Добавить в цитаты Настройки чтения

Страница 3 из 23

Сам Харин бы согласился, из равнодушия и желания поскорее отбыть – всё же обедать пора, но напарник и здесь влез со своим мнением:

– А покажите, покажите, Лев Адольфович! Вдруг у вас там спрятано что важное. Например, труп.

Глупая шутка повисла в воздухе, но Развальский отреагировал до странности бурно. Он подскочил к Михееву, довольно легко приподнял над полом, схватив за отвороты дублёнки, и процедил:

– Не надо так говорить! Не надо! Она живая!

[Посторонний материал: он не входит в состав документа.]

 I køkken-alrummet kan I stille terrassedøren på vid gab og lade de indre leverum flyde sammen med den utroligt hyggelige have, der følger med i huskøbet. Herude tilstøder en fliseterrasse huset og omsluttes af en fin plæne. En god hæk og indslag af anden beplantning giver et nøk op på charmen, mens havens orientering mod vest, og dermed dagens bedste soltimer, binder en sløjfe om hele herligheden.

«Псих», – лениво подумал Харин. – «Все они психи, эти творческие люди. Уж лучше быть простым как табурет, хоть не спятишь».

– Успокойтесь, профессор!

«Почему я его так назвал? Вот бред. Сумасшествие заразно».

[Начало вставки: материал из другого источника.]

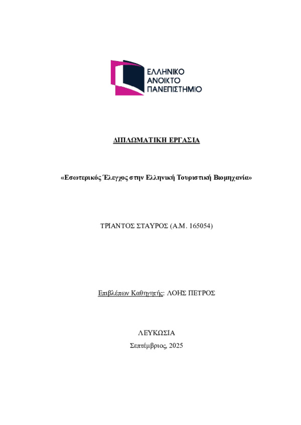 Αυτή η μελέτη θα εμβαθύνει στη σχέση μεταξύ της τουριστικής βιομηχανίας και του εσωτερικού ελέγχου με απώτερο στόχο την αξιολόγηση της σημασίας του τελευταίου στη διαχείριση κινδύνων μαζί με θέματα διαφάνειας και βελτίωσης της ανταγωνιστικότητας των τουριστικών επιχειρήσεων. Η εργασία θα επικεντρωθεί περισσότερο στην έννοια και τα στοιχεία του εσωτερικού ελέγχου, αντλώντας τη διάκρισή του από τον εξωτερικό έλεγχο, και την πτυχή της ηθικής και των ηθικών διλημμάτων που εμφανίζονται κατά την εφαρμογή του.

– Отпустите Виктора и снимите накидку со статуи. По–жа–луй–ста.

Последнее слово он процедил по слогам, грозно глядя на старика, уже поставившего ошеломленного Михеева обратно на пол. Ругаться, учитывая губернатора – да и прочее – не хотелось, но реакция скульптора удивила и насторожила.

– Как хотите, – ссутулился хозяин и медленно, обходя свои рабочие завалы, направился к дальней стене мастерской. – Я никому не показываю, сам, только сам иногда, но раз требуется…

Он дошаркал до укрытой брезентом фигуры, поднял руку и, кашляя, сдернул ткань на пол.

Девушка была действительно живая. Не в смысле из плоти и крови, нет – какой–то непонятный, мягкий на вид материал, нежным янтарным светом засиявший в лучах прожекторной лампочки под потолком. Полупрозрачное воздушное нечто. Скульптура. Всего лишь скульптура, но… она была гениальна. Бюст губернатора и прочее барахло, в изобилии стоящее в мастерской, рядом не лежало с этим шедевром. Оно было не просто в разы хуже, нет. Оно всё было зря. А почти обнаженная, с небрежно накинутой на плечи – и ничего, по сути, не скрывавшей из прелестей – тщательно изображенной воздушной тканью богиня была настоящей. Казалось, вот–вот и девушка сойдёт с невысокого постамента, прямо точёной узкой ступнёй на грязный пол, поднимет голову и скажет…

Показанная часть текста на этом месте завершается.